Havas doubles down on Melbourne market, builds out end-to-end offering with Hotglue acquisition; CX and e-commerce indies next on the deal agenda

By Kalila Welch - Senior Journalist

Havas is out to close the loop on end-to-end, and it's ramping up its M&A strategy to get there. The French Holdco has racked up 60 acquisitions in the last 12 months, with Melbourne's Hotglue being the latest. The creative production and media hotshop will merge with Havas Media Melbourne, and in doing so will double the group's presence in the market. It's a play for scale on both sides of the deal, but it was Hotglue's integrated capabilities that really caught the eye of Havas Media boss Virginia Hyland.

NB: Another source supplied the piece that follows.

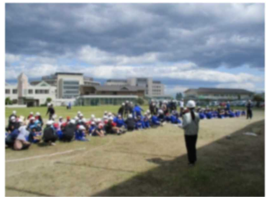
全校行事 避難訓練(地震)を行いました。 落ち着いて避難できました。

She says the integrated model is here to stay, with stretched marketers seeking an agency that can do it all under the one roof. And now, she's looking to build on that with the agency's next acquisition. 

What you need to know 

  • Havas has doubled its presence in the Melbourne market with the acquisition of creative production and media shop, Hotglue.
  • The indie agency is one of 60 acquisitions made by the French Holdco this year, per Havas Media Network Australia boss, Virginia Hyland. 
  • A proponent of the integrated model since its 2010 launch, Hotglue will plug right into Havas' end-to-end offering, and it's bring its deep social and content expertise with it.
  • The agency will be merged into Havas' Melbourne media arm, with its three co-founders to take the helm, but in practice Havas says the village model means there's no longer hard rules over who does what.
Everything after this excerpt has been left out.